ROBERT-MCDOWELL commented 2 weeks ago

/home/src/AI/ebook2audiobookXTTS/env_py311/lib64/python3.11/site-packages/torch/cuda/init.py:654: UserWarning: Can't initialize NVML warnings.warn("Can't initialize NVML")

Using model: xtts /home/src/AI/ebook2audiobookXTTS/env_py311/lib64/python3.11/site-packages/TTS/utils/io.py:54: FutureWarning: You are using torch.load with weights_only=False (the current default value), which uses the default pickle module implicitly. It is possible to construct malicious pickle data which will execute arbitrary code during unpickling (See https://github.com/pytorch/pytorch/blob/main/SECURITY.md#untrusted-models for more details). In a future release, the default value for weights_only will be flipped to True. This limits the functions that could be executed during unpickling. Arbitrary objects will no longer be allowed to be loaded via this mode unless they are explicitly allowlisted by the user via torch.serialization.add_safe_globals. We recommend you start setting weights_only=True for any use case where you don't have full control of the loaded file.

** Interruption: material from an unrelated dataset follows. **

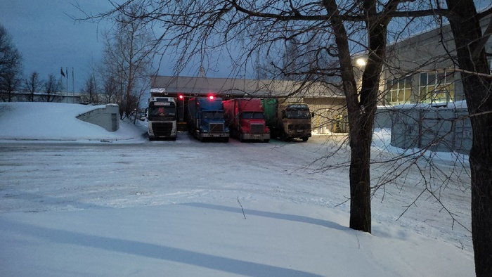 Весь январь мы проваляли дурака :D Запас финансов был, на дороге творился ахтунг из-за снега, так и решили пропустить тот месяц когда Россия просыпается от новогоднего угара и начинает потихоньку работать. Хоть и заняться в основном было нечем, но каждые пару дней мы приезжали на стоянку дабы скинуть снег с прицепа. Во-первых, ни один тент не любит когда на нём сверху лежит куча снега которая со временем превращается в лёд. Во-вторых, подобную процедуру стоит делать и в дороге. Никто не любит когда ему с крыши фуры летит льда в лобовуху. От этого страдают и фуры тоже, на синей так в прошлом году разбили лобовое стекло.

Please open an issue on GitHub for any issues related to this experimental feature. return torch.load(f, map_location=map_location, **kwargs) GPT2InferenceModel has generative capabilities, as prepare_inputs_for_generation is explicitly overwritten. However, it doesn't directly inherit from GenerationMixin. From πŸ‘‰v4.50πŸ‘ˆ onwards, PreTrainedModel will NOT inherit from GenerationMixin, and this model will lose the ability to call generate and other related functions.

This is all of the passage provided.